Quantum computing and connected devices are two of the most exciting and promising fields of technology today. They have the potential to revolutionize many domains, such as cryptography, optimization, simulation, artificial intelligence, and the Internet of Things. They could enable us to solve problems that are currently intractable and create new possibilities that we can’t even imagine.
But these systems are not something that your fellow everyday developer can easily develop. They are too complicated and too complex for humans to comprehend and manipulate, especially on the scale of today’s Software Landscapes. Quantum computing requires us to deal with concepts such as superposition, entanglement, interference, and measurement, which defy our classical intuition and logic. Connected devices require us to deal with networks, protocols, sensors, actuators, and data, which pose many challenges and risks, and are very hard to integrate without any weirdness (ask any car manufacturer). Developing software for these systems is not a trivial task. It requires a high level of expertise, skill, and creativity. A level that very few people can achieve.
That’s why we need AI to help us. AI has to become a direct translation to the computer and bypass the programming language layer. It has to understand our natural language and directly, like a compiler, translate it into quantum or machine instructions. And it has to handle the complexity and uncertainty of these systems and optimize the performance and reliability of the software.
But how will we communicate with AI? How will we express our requirements, expectations, and feedback? How will we ensure that the software meets our needs and standards? How will we collaborate with AI effectively and efficiently? Because, honestly, we are really bad at doing so between real people, and after the first bad prompt results with GitHub Copilot you will get to the conclusion that this will only get worse if we just apply what we have.
We will need a new form of language, a new way of thinking, and a new paradigm of software engineering.
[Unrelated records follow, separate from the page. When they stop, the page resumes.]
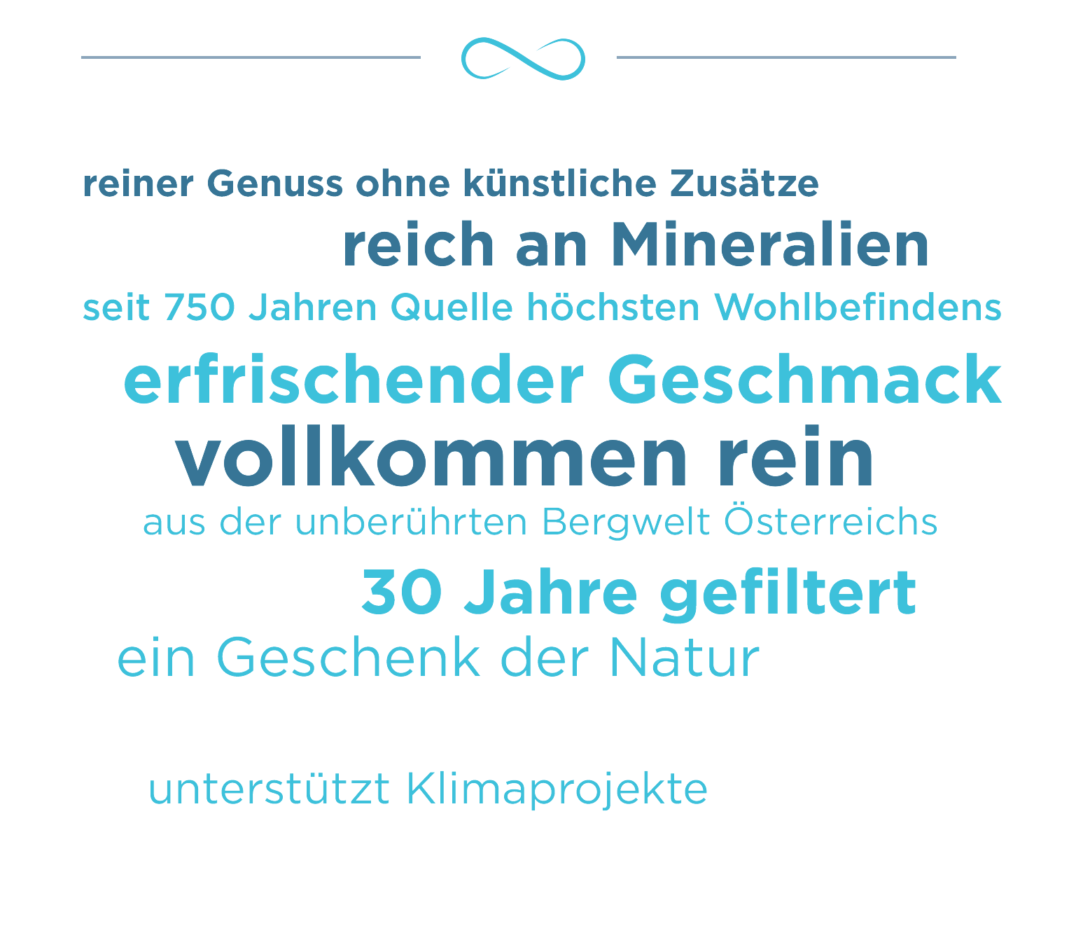 Es beginnt mit dem Regen, der in der unberührten Landschaft Österreichs auf die Felsen der Bergriesen prasselt und langsam in Felsspalten versickert. Anschließend sucht sich das Wasser seinen Weg durch die verschiedenen, vollkommen unbelasteten Gesteinsschichten und reichert sich mehr und mehr mit kostbaren Mineralien an.
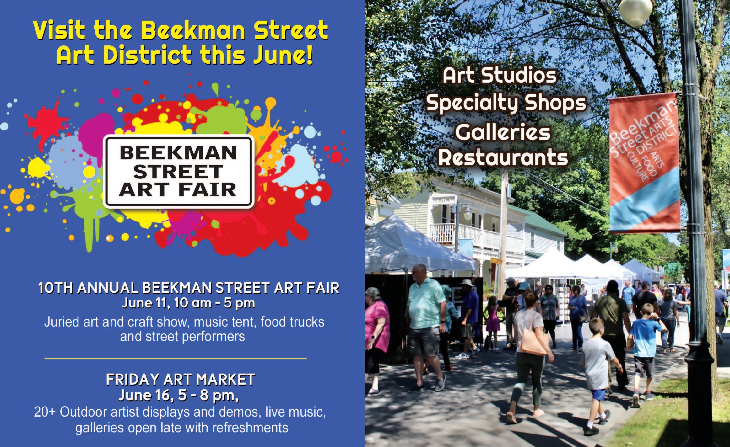 Beekman St Art Fair- Friday Art Market- June 16, 5 - 8 pm, outdoor artist displays and demos, live music, galleries open late with refreshments
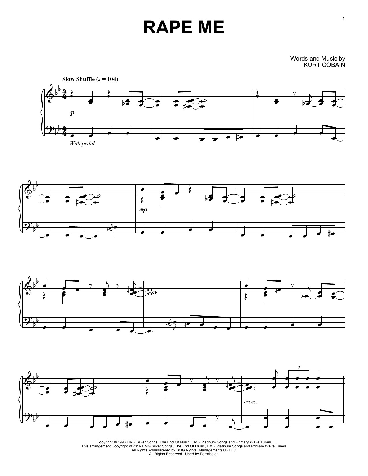 Download or print Nirvana Rape Me [Jazz version] sheet music, chords and digital score arranged for Piano Solo. This Alternative score includes 5 page(s).
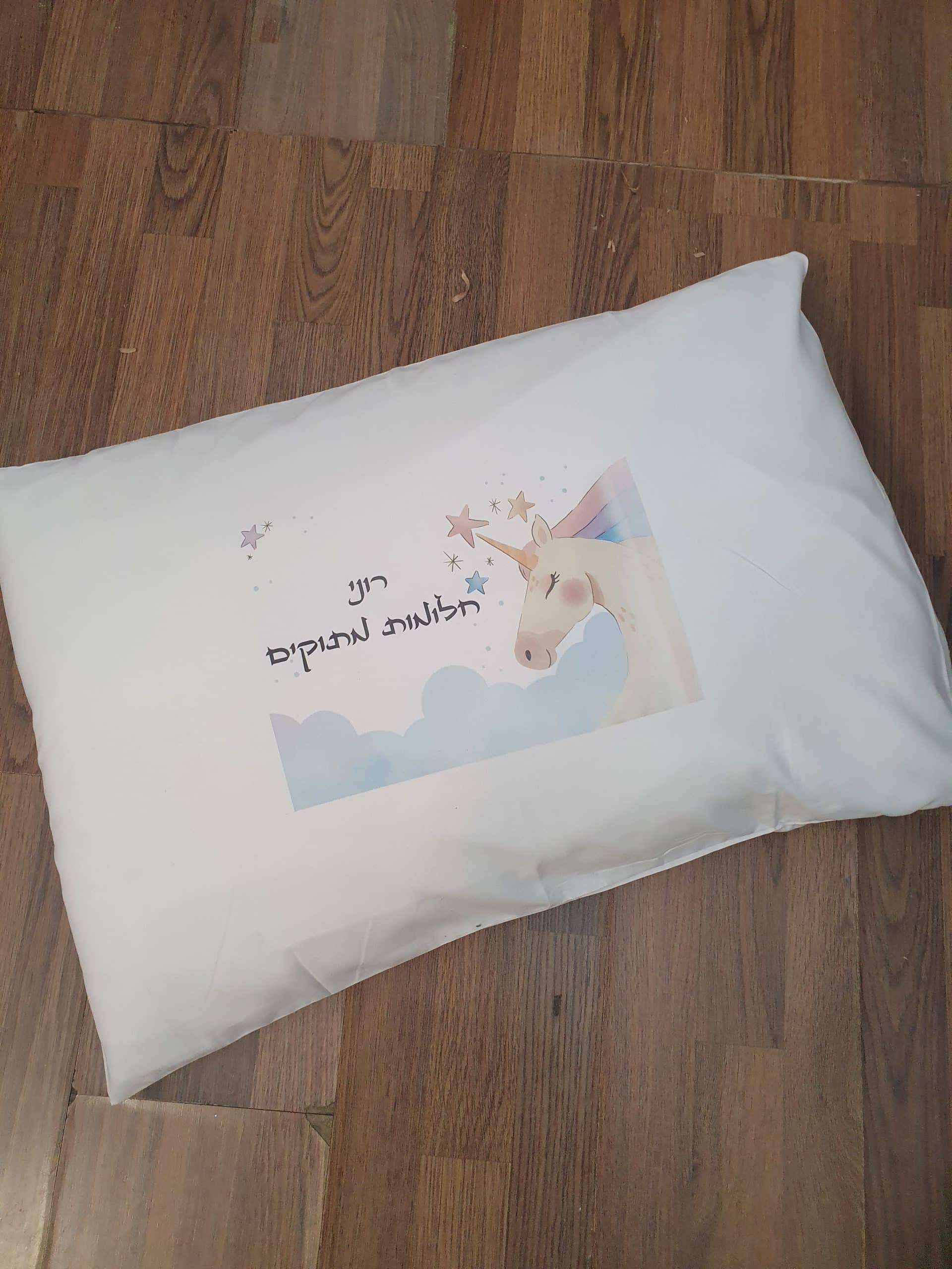 ציפית לכרית בצבע לבן מבד 100% מיקרופייבר עם הדפסת סובלימציה בעיצוב חד קרן  ושם הילד/ה. מגיע ארוז עם צלופן וסרט סאטן. גודל הציפית 70 ס"מ רוחב על 50 ס"מ גובה

We will need a language that is simple, precise, and consistent, but also expressive, flexible, and adaptable. We will need a language that can capture the essence of the problem, the solution, and the value, without being bogged down by the details, the syntax, and the semantics. We will need a language that can bridge the gap between human and machine and between classical and quantum.
It will be much closer to our everyday language while being as far away from current programming languages as those programming languages are from assembler. Neither will it be a full equivalent of our everyday language, as even in a human-to-human interaction we have a specialised language for each domain in our workplace. With our own set of abbreviations, terms, and sometimes even grammar.
Maybe we will use a specialised, highly optimised form of language, such as Simplified Technical English, designed to improve clarity, readability, and comprehension. Maybe we will use a language as thorough as German, which is known for its complex grammar, long words, and precise meanings. Maybe we will use a combination of both, or something entirely different. I secretly hope it will be Klingon.
The point is, that we will have to find our language to suit the needs of the new era of software development. And this language won’t be a Turing-complete programming language.